→ Action item: Pictures stay out of the answer, but every line of the material must be restated exactly.

━━━ Data

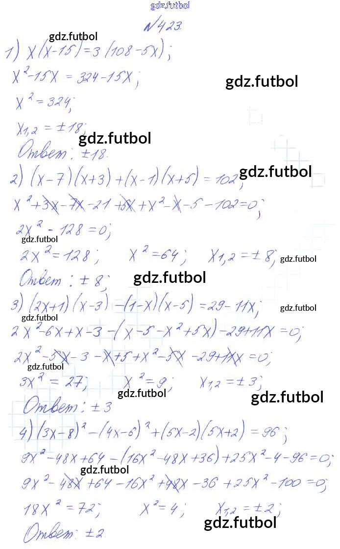 Готовые домашние задания по Алгебре за 8 класс Алимов Учебник 2014 - Упражнения 423
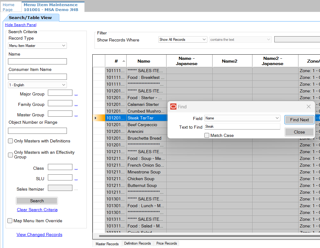 Simphony Menu Item Maintenance
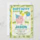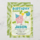 Du kan inte gå fel med lite grönt på en födelsedag! Denna inbjudan visar en söt spargris med festhatt och ballong, accentuerad med sedlar och mynt.
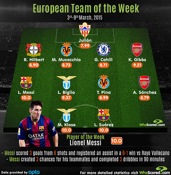 Using out unique rating system, we formulate a highest rated team of the week from Europe's top 5 leagues, including Arsenal duo Kieran Gibbs and Alexis Sanchez, Barcelona duo Lionel Messi and Luis Suarez and Chelsea's Gary Cahill.
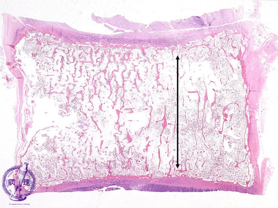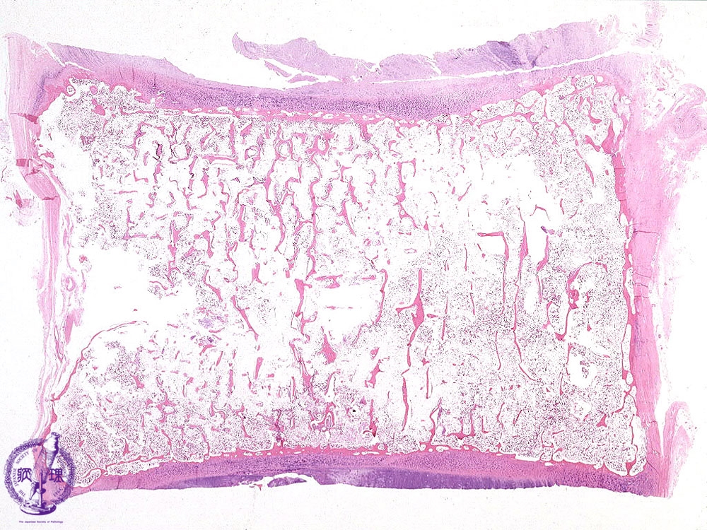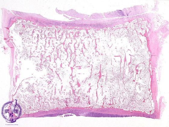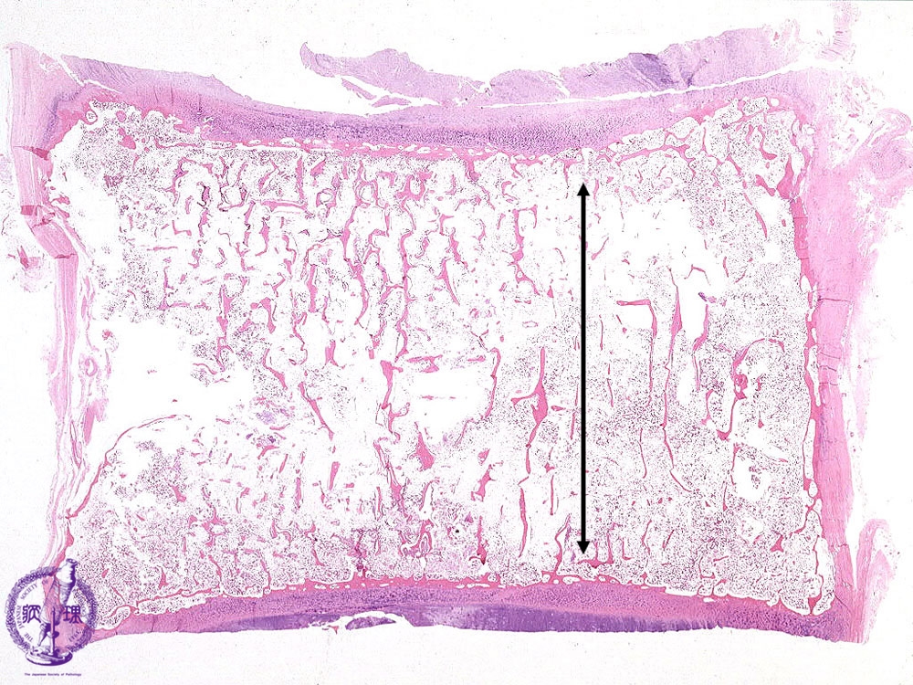 Microscopic view (HE; Loupe): Loupe view of HE stain slide or vertebral bone. Only bony trabecular of vertical direction are seen.

━━━━━━

→ Response to the exercise:
 Готовые домашние задания по Алгебре за 8 класс Алимов Учебник 2014 - Упражнения 423
 Simphony Menu Item Maintenance
 Du kan inte gå fel med lite grönt på en födelsedag! Denna inbjudan visar en söt spargris med festhatt och ballong, accentuerad med sedlar och mynt.
 Using out unique rating system, we formulate a highest rated team of the week from Europe's top 5 leagues, including Arsenal duo Kieran Gibbs and Alexis Sanchez, Barcelona duo Lionel Messi and Luis Suarez and Chelsea's Gary Cahill.
 Microscopic view (HE; Loupe): Loupe view of HE stain slide or vertebral bone. Only bony trabecular of vertical direction are seen.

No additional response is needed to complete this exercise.